Kindle Unlimited読み放題をご利用の方は、読み放題の範囲内で読むことができます。

私も読み放題で読みました。

AIに負けない!凄い税理士・会計士とは?

クラウド会計が経理・会計事務所に与える影響

この手の記事のありがちなクラウド会計で入力作業が自動化され、経理人員は大幅に必要なくなるとか、会計事務所の記帳代行はピンチになるといった内容でした。

確かに、負担は楽にはなるだろうし、記帳代行の入力作業しかできないという方への需要は下がっていくでしょう。

でも、記帳代行の入力しかできない税理士・会計士っていないはずですし、そこに付加価値はないでしょう。

会計は処理に幅があるので、その企業の実態に合わせてカスタマイズして運用するものです。

月次損益を平準化して月次単位で会社の状況を見たい企業、経営が安定しているのでとりあえず事業年度末の財務諸表さえ正確なものが出来ていれば十分な企業、銀行からの融資を見据えた財務諸表としたい企業、原価計算を精緻に行いたい企業、税務会計で十分な企業、会計監査が入る企業、本国向けにUSGAAPやIFRSで記帳しているが事業年度末だけ会社法計算書類を作るために会計基準の差異を調整して日本基準の財務諸表を作っている企業と様々です。

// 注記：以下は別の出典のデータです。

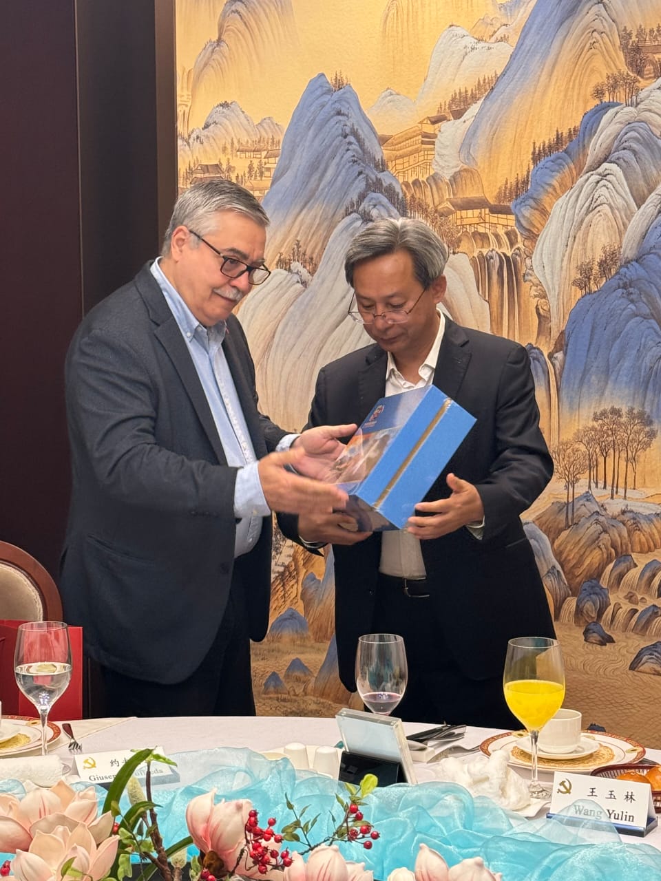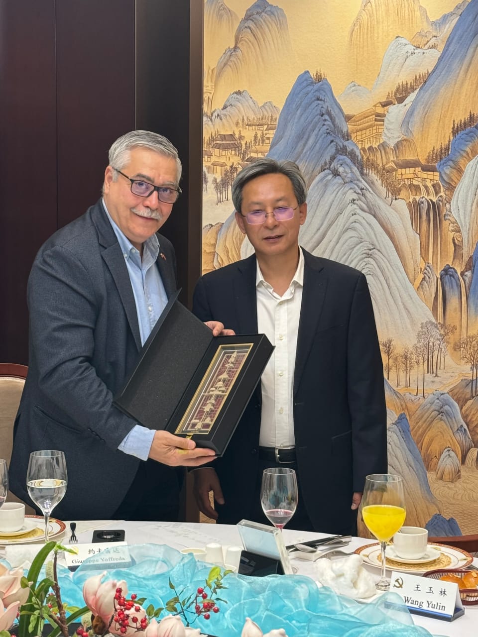 Con una emotiva cena, el embajador Wang Yulin, director general del Buró para América Latina y el Caribe del Departamento Internacional del Comité Central del Partido Comunista de China (PCCh), homenajeó en nombre del ministro del Departamento Internacional del CCPCCh, Liu Jianchao, y del viceministro Ma Hui, del mismo departamento, al embajador de la República Bolivariana de Venezuela en la República Popular China, Giuseppe Yoffreda Yorio, quien acaba de finalizar su misión en este país tras dos años y medio de intenso trabajo, transmitiéndole un mensaje de entusiasmo y admiración por haber sido un digno representante de su país.
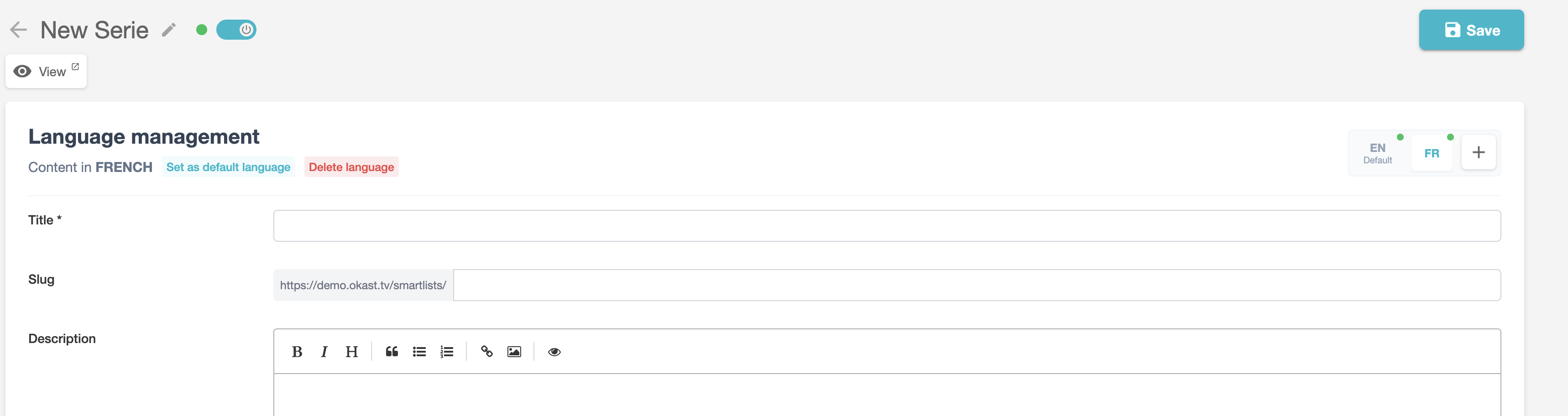 The checked language is the default language for your series. This is the language in which your series will appear by default if no translation exists in your users' browser language.
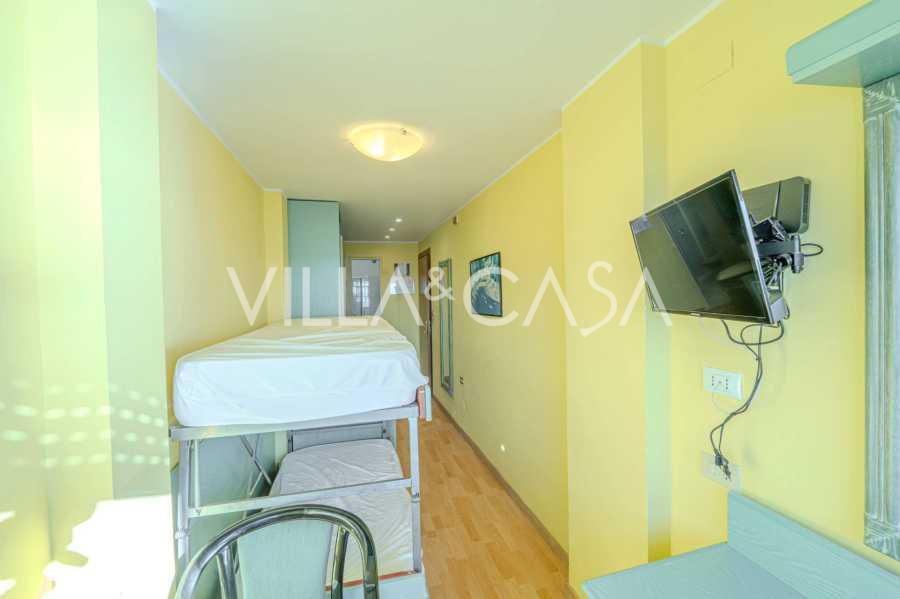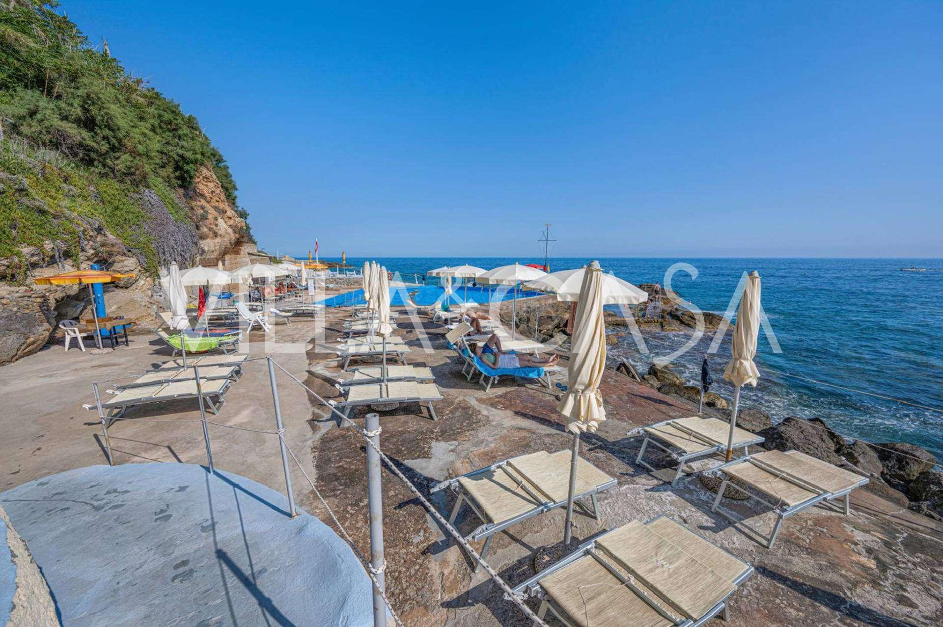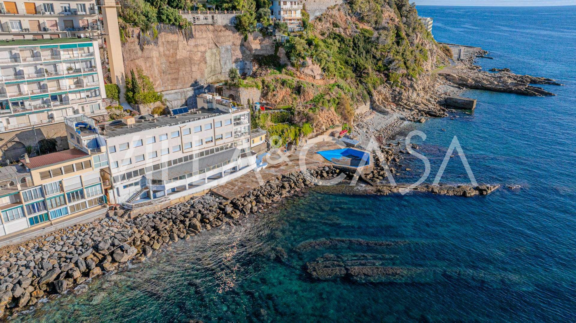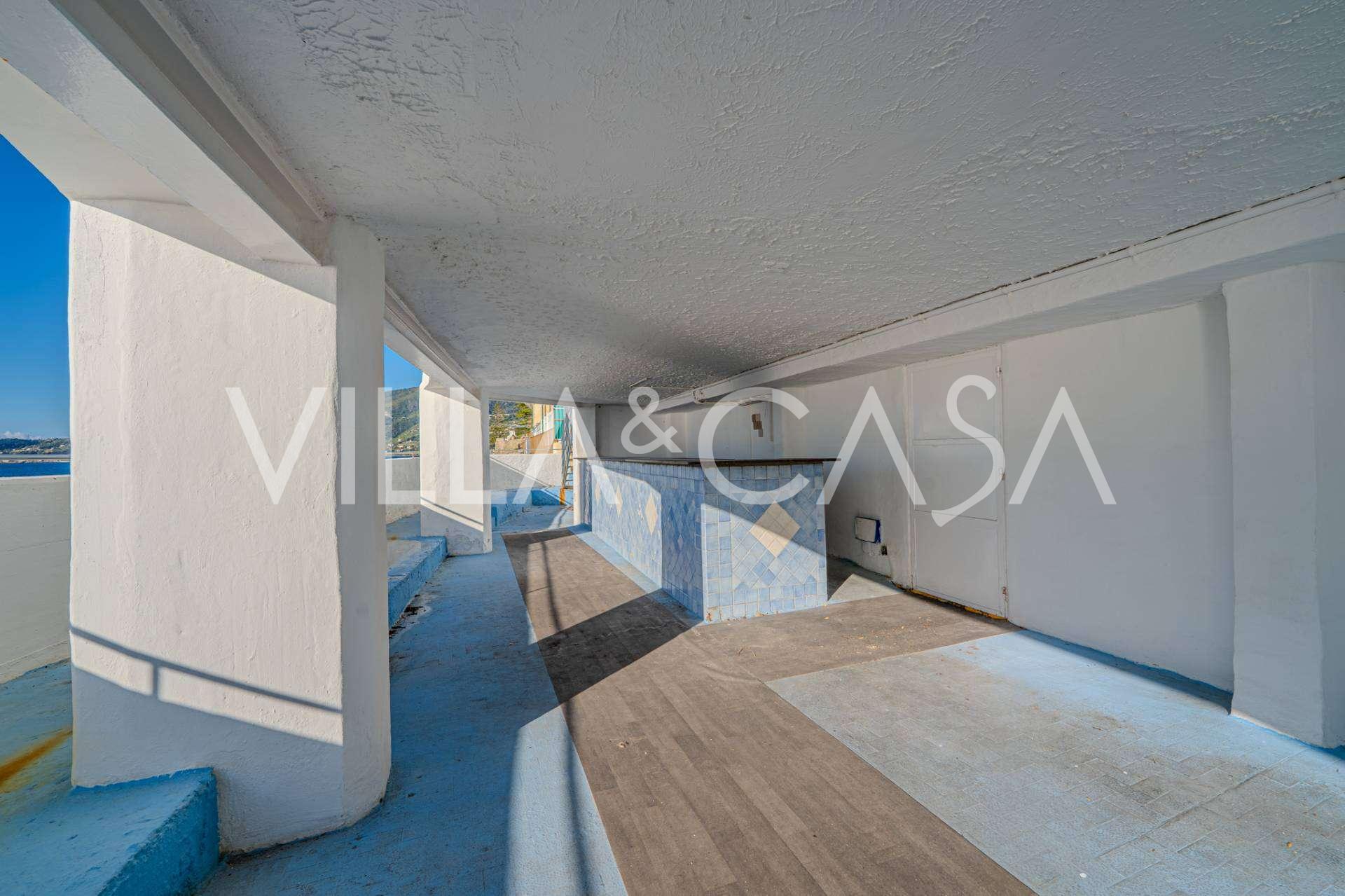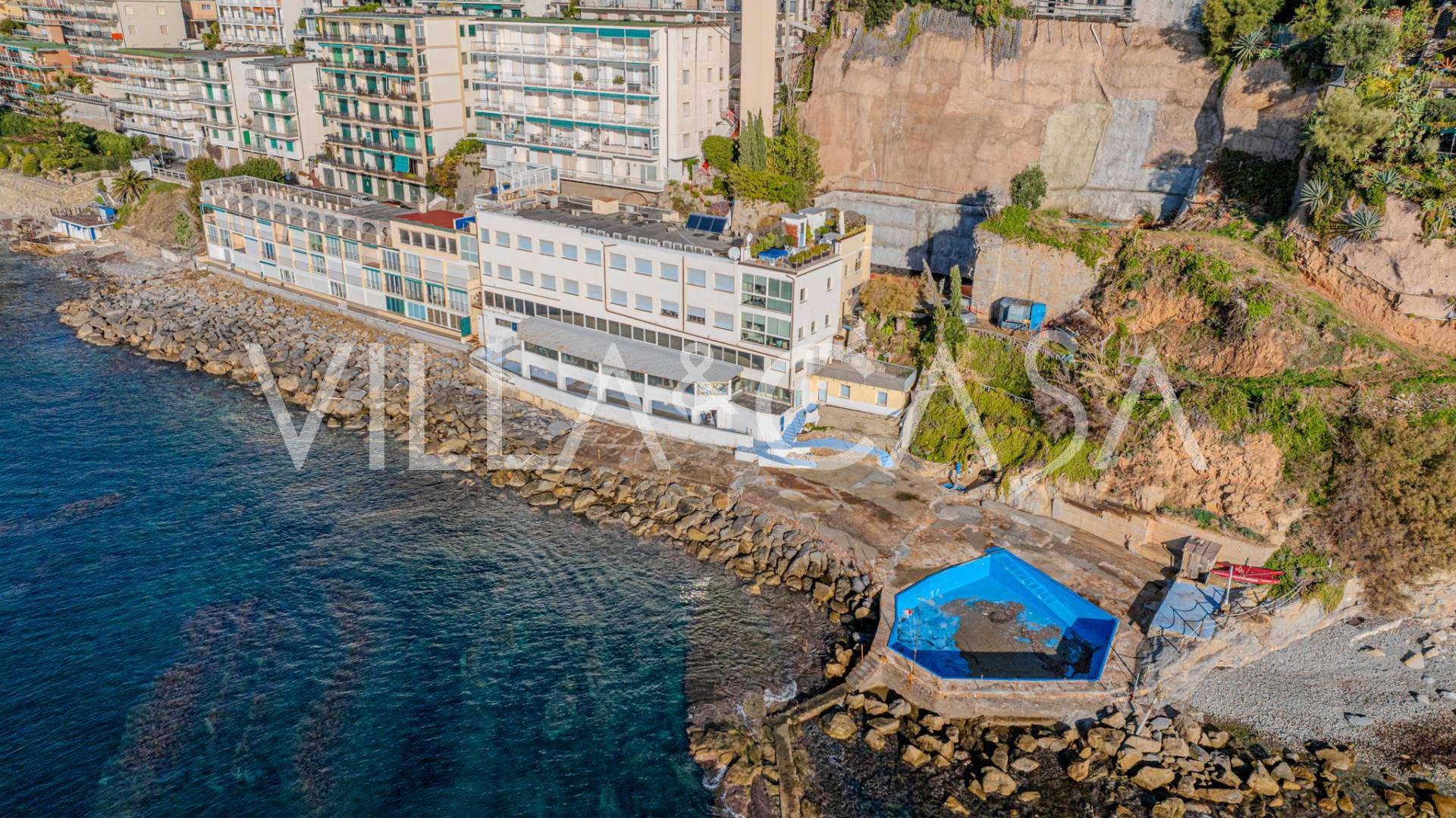 En unik hotel i Ospedaletti er til salg, beliggende på en privilegeret placering ved kysten med direkte adgang til havet og sin egen strand. Herfra er der en fantastisk panoramaudsigt over havets overflade. På klare dage kan man se en del af den Franske Riviera og Lerins-øerne, og i vintermånederne ved daggry kan man skimte Korsika.

前提となる会計の知識なしで自動化してしまったら、目的に合致しない会計データができあがってしまうのです。

クラウド会計で経理が劇的に楽になるというのは、現時点では幻想にすぎません。

自動仕訳機能を上手く利用している方は、手入力が減って効率化できているのでしょうが、まだまだ日本ではITリテラシーの高い方は少数派です。

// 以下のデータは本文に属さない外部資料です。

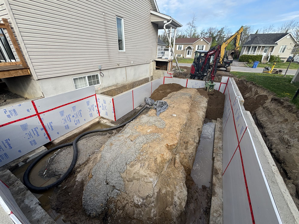 Inspection, installation et réparation de drain français avec imperméabilisation de fondation | Mini-Excavation Joliette
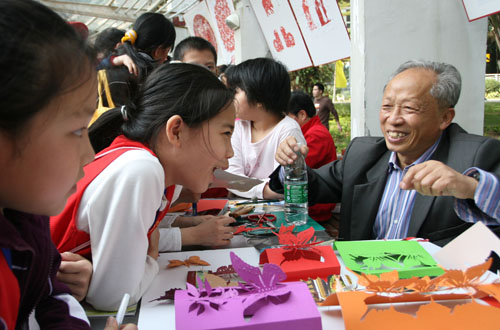 兩個月前,屈阿姨因心臟問題住進了醫院,這才出院一個月,屈阿姨就前來參加“鄰里節”活動,之前大家伙都勸她在家好好休息,可她卻說:“學剪紙對和諧鄰里關系很有幫助,我一定要講講我的感受。”
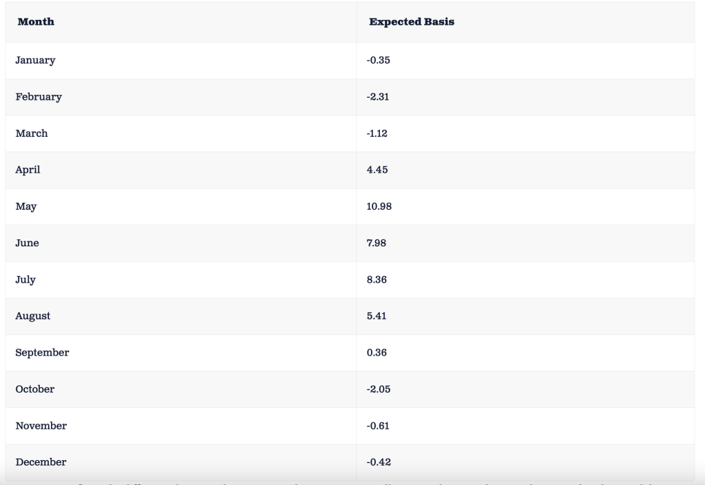The expected basis varies by month and can be added to observed futures contracts arriving at expected cash prices. The expected basis early and late in the year suggests the cash price would be less than the futures price, with a difference consistent with transportation costs between Worthing, South Dakota and slaughter facilities. The large basis in May reflects the historic seasonal high in May ahead of the lower price in June.
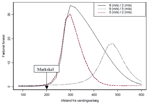 udenfor markskellet er godt 30 gange større i en afstand fra ca. 100 til 200m fra

従来のインストール型の会計ソフトの方が使いやすいという方も多いので、クラウド会計がいいとはかならずしも言い切れません。

クラウド会計が何が何でもいいというわけではなく、向き不向きに合わせて選択すればよいだけのことです。

選択肢が広がったという意味では、クラウド会計の普及は大いなるインパクトを与えたと言っていいでしょう。

私自身は、手入力が苦手なので、クラウド会計推進派です。

人手不足の会計業界

税理士・会計士という職業は、AIにとって代わられるものと言われている影響のせいなのか、単純に業界として魅力が低下しているのか、税理士・会計士ともに志望者が減ってきています。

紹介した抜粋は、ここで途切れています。